The concept of digital sharecropping is a slippery one. Alexander Galloway, in The Interface Effect argues that “[i]t is impossible to differentiate cleanly between nonproductive leisure activity existing within the sphere of play and productive activity existing in the sphere of the workplace,”[v] and, in this arena of monetizing activities of indecisive spheres, the distinctions between commercial and noncommercial, professional and amateur that characterize cultural production on the web remain as blurry as ever. Nicholas Carr wrote about the idea of digital sharecropping in 2006, in a debate over the Web 2.0 era:

“By putting the means of production into the hands of the masses but withholding from those same masses any ownership over the product of their work, Web 2.0 provides an incredibly efficient mechanism to harvest the economic value of the free labor provided by the very, very many and concentrate it into the hands of the very, very few.”

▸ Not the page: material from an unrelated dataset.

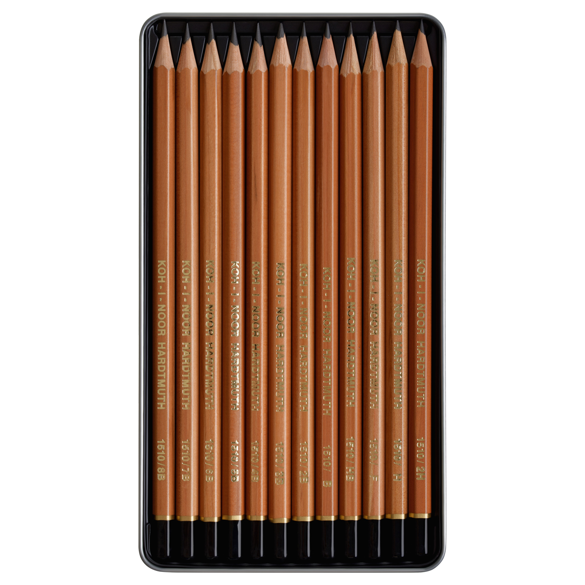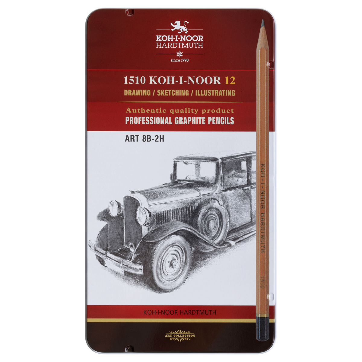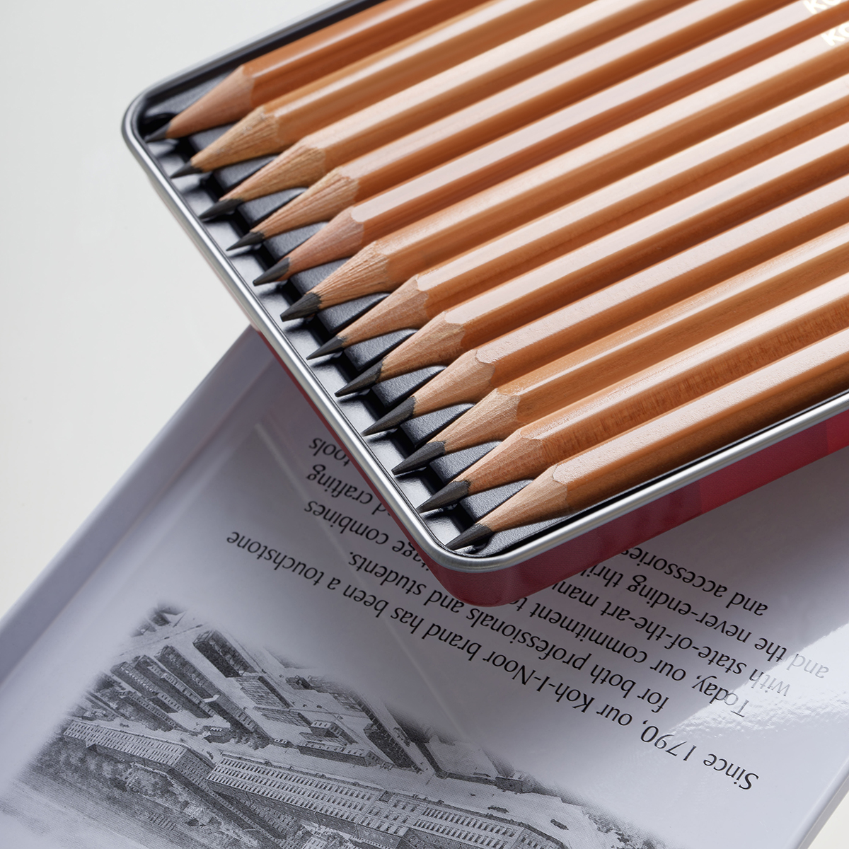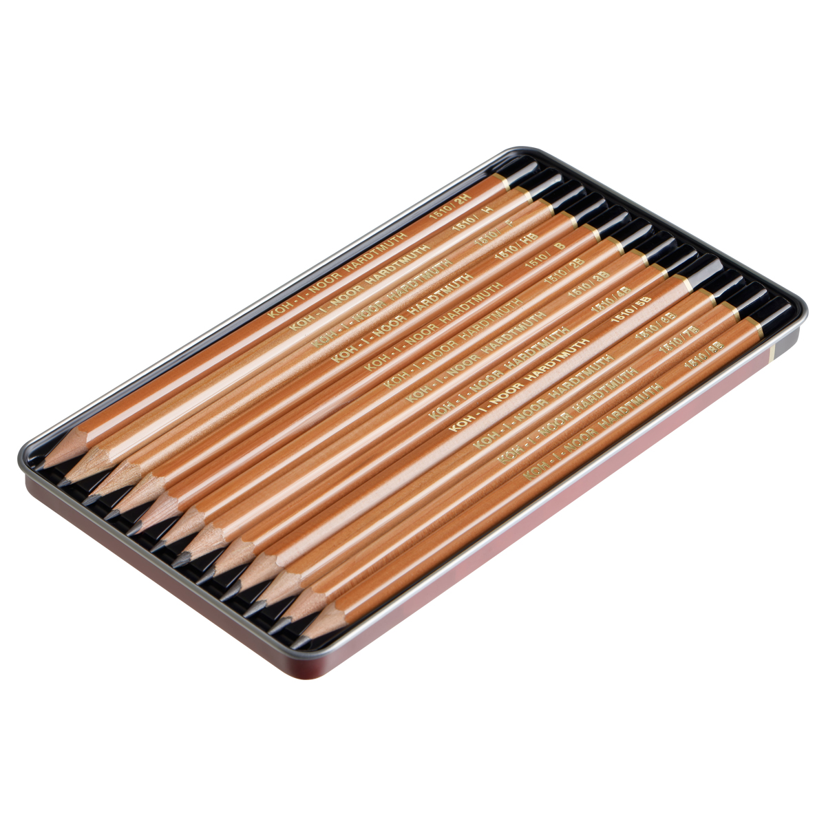 Карандаши длиной 175 мм, представленные в наборе, поставляюся без ластика, заточенными. Твердости грифеля - 2H-8B. Упаковка - металлическая коробка.

Clay Shirky further clarifies Carr’s concept, arguing that although the critique of digital sharecropping is not entirely appropriate for many of the Web 2.0 platforms (as those who create the value for Yelp, Amazon, Facebook, etc., are spending their leisure time to create and share material based on their interests) it can apply when a platform allows for the exploitation of noncommercial and amateur work, which YouTube, especially in this case, seems to be profiting handsomely from. YouTube’s own FAQ on Content ID makes it clear: “In most cases, you can’t monetize a video that has a Content ID claim. Instead, the copyright owners can choose to monetize your video.” Although these might be labors of love, people not directly involved with their creation are harnessing these vast troves of labor, therefore engaging in a new form of digital sharecropping by copyright holders that fully profit from the labor of others.

With high quality video cameras on most smartphones, and digital production tools available previously only to professionals now available for free on most personal computers, what was previously seen as a labor of love can now easily cross over into noncommercial amateur production, blurring distinctions yet again between work, play, amateur and commercial. YouTube’s Content ID’s refusal to allow producers to monetize thousands of videos (and millions of hours of work), instead granting rights to monetize (or ban) soley to a copyright claimaint seems, at very least, problematic.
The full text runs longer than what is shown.